When gO, gH, and gL were expressed in HEK293SGnTI− cells, a band smaller than 75 kDa could be detected in cell lysate (Fig. 1C) and more clearly in the undigested immunoprecipitate (Fig. 1D). And after PNGase F digestion of cell lysates from gH-, gL-, and gO-expressing 293T cells and the immunoprecipitate from the same lysates, we found that gO with complex glycans had a lower molecular weight than gO with high-mannose glycans (Fig. 1A and B). This observation suggested that gO was cleaved during its maturation process. Because the anti-gO antibody used in our experiments recognized the N terminus of gO, we hypothesized that the carboxyl terminus of gO was cleaved away during the maturation process. To test this idea, we constructed a plasmid for expression of gO C-terminally tagged with the hemagglutinin (HA) epitope and expressed gOHA alone or with gH and gL in 293T cells (Fig. 2A, top) and in HEK293SGnTI− cells (Fig. 2A, bottom). As shown in Fig. 2A, the mature form of gO (around 50 kDa after PNGase F digestion) could not be detected in the cell lysates (Fig. 2A, lanes 2 to 7) or anti-gH immunoprecipitates by using anti-HA antibody (Fig. 2A, lanes 8 to 10); however, this form of gO could be detected using anti-gO antibody (Fig. 2A, lanes 11 to 13). Thus, the smear (around 68 kDa) that was seen in the cell lysate or, more obviously, in the Endo H-digested immunoprecipitate from 293T cells expressing gH, gL, and gO (Fig. 1 and 2A) represented the cleaved gO product carrying N-linked complex-type glycans, which were removed by PNGase F but not by Endo H. This form of gO could be more easily detected in HEK293SGnTI− cells, because this form of gO could not be modified with complex glycans in this type of cells. And, as a result, the uncleaved (immature form) and cleaved (mature form) gOs were modified with similar high-mannose glycans, showing the totally different molecular weights, which could be easily confirmed in Western blot analysis. All these results indicated that when gO was expressed along with gH and gL, the carboxyl terminus of gO was cleaved away, probably during the maturation process. We tried to detect the cleaved C-terminal gO (tagged with HA) by Western blotting using high-percentage SDS-PAGE and anti-HA antibody; however, no such small fragment could be detected (data not shown). This might be because of rapid degradation of the fragment. We summarized the gO maturation process with and without gH and gL in a schematic diagram (Fig. 2B).
FIG 2.
Cleavage of gO during its maturation process. (A) 293T cells (top) and HEK293SGnTI− cells (bottom) were transfected with a plasmid expressing hemagglutinin (HA)-tagged gO (AgOHA), either alone (lanes 2 to 4) or in combination with gH- and gL-expressing plasmids (lanes 5 to 13). The cells were harvested on day 2 posttransfection, lysed, and subjected to immunoprecipitation by using anti-gH antibody. The cell lysates (lanes 1 to 7) and precipitants (lanes 8 to 13) were digested with Endo H (H) and PNGase F (F) and then subjected to Western blot analysis using anti-HA and anti-gO antibodies. C, control. Black triangles indicate the mature form of gO after digestion. (B) Summary of the gO maturation process. (Top) Expression of gO alone; (bottom) coexpression of gO with gH and gL.

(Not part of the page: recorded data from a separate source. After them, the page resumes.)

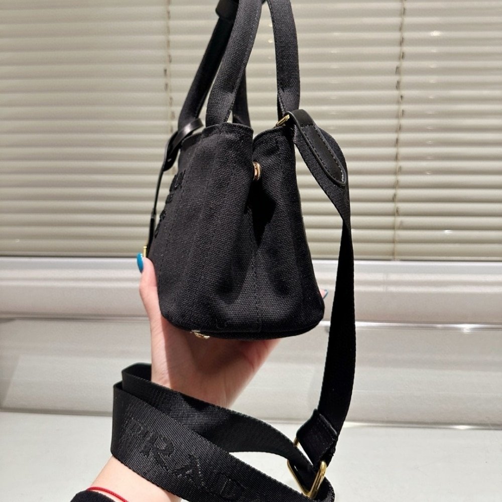 Prada Small Cotton Canvas Handbag Black 22Cm 1Bg464 2Cya F0002 V 8Om
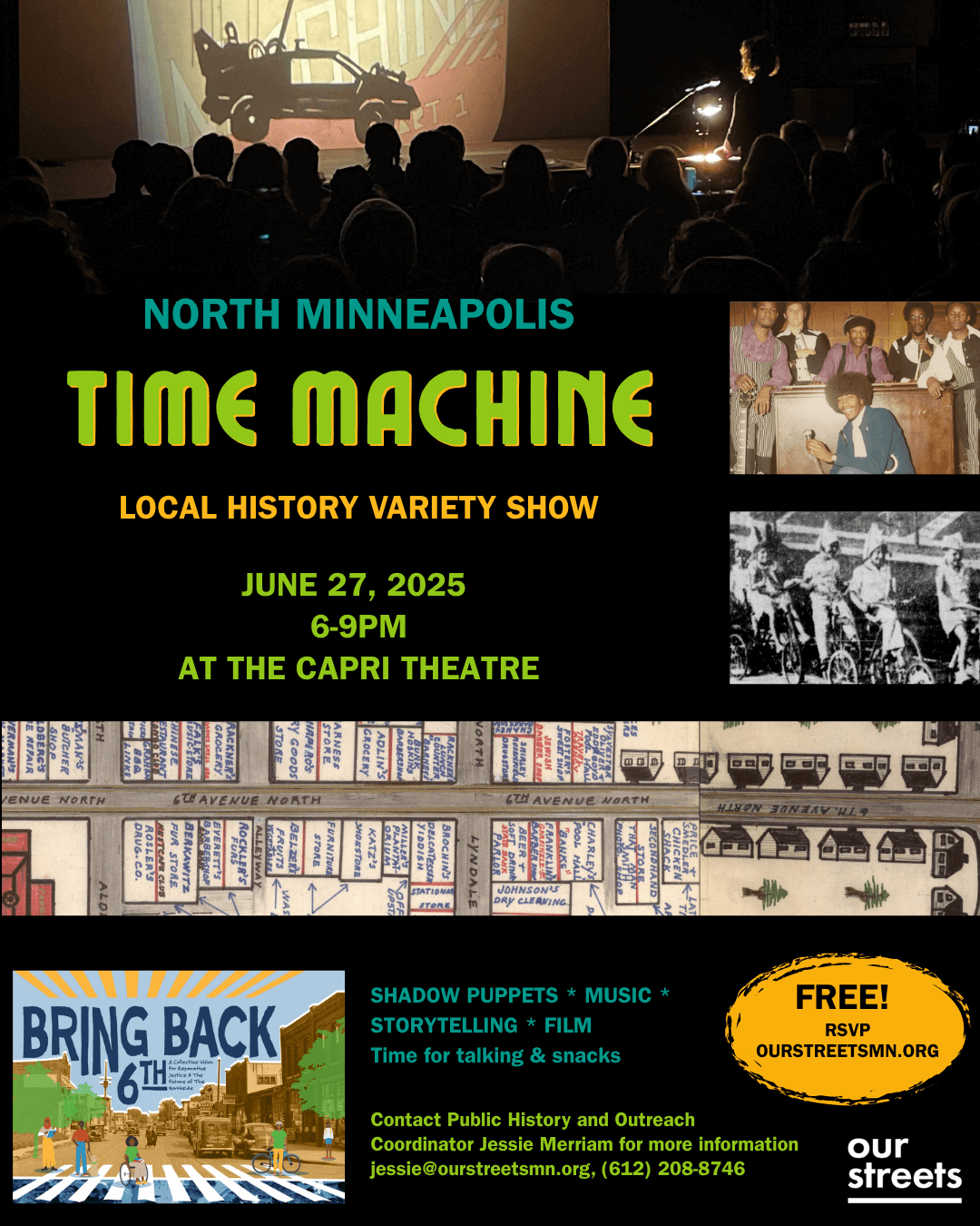 Join us for a tour through time, through overhead projector shadow puppets, storytelling, music, film interviews, and tables of maps and library secrets. Based on similar events in Cedar Riverside, this “Time Machine” will share stories and images of Near North Minneapolis’ early days up to the present, and share information on present-day advocacy efforts around “Bring Back 6th.” The history of the Olson Memorial Highway corridor helps us understands the rich history here as well as the harms of the past, to better inform our future.
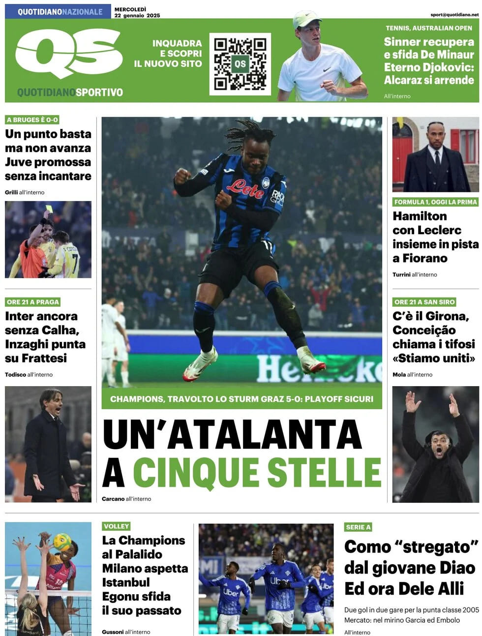 Queste le prime pagine dei principali quotidiani sportivi nazionali in edicola oggi, mercoledì 22 gennaio 2025.

For both HCMV gH/gL/UL128-131 and HHV-6A gH/gL/gQ1/gQ2, coexpression of all components of each complex is required for the transport and expression of the complex to the cell surface (15, 17). Furthermore, coexpression of gO with gH and gL in HCMV promotes gO transport to the Golgi but not to the cell surface (14). We analyzed the cell surface expression of gO when it was expressed alone or with gH and gL in 293T cells, and the expression of each glycoprotein was confirmed by immunofluorescence assay (IFA) (data not shown). As reported previously, when gH and gL were coexpressed with gQ1 and gQ2, cell surface expression of gH and gL was dramatically upregulated (Fig. 3) (15); however, when gH and gL were coexpressed with gO, no further upregulation of gH and gL on the cell surface could be detected (Fig. 3, left). Furthermore, coexpression of gO with gH, gL, gQ1, and gQ2 had little influence on cell surface expression of gH and gL relative to coexpression of gH, gL, gQ1, and gQ2 (Fig. 3, left). Very little gO was detected on the cell surface when it was expressed alone; however, coexpression of gO with gH and gL affected the cell surface expression of gO slightly in transfected cells (Fig. 3, right), because of gO interaction with gH and gL.
FIG 3.
Expression of glycoproteins on the cell surface during coexpression. 293T cells were transfected with the glycoprotein expression plasmids indicated under the individual histograms. Cells were stained with anti-gH/gL antibody (left) or anti-gO antibody (right). Histograms show fluorescence intensity, measured in arbitrary units, on a log scale (x axis) and relative cell number on a linear scale (y axis).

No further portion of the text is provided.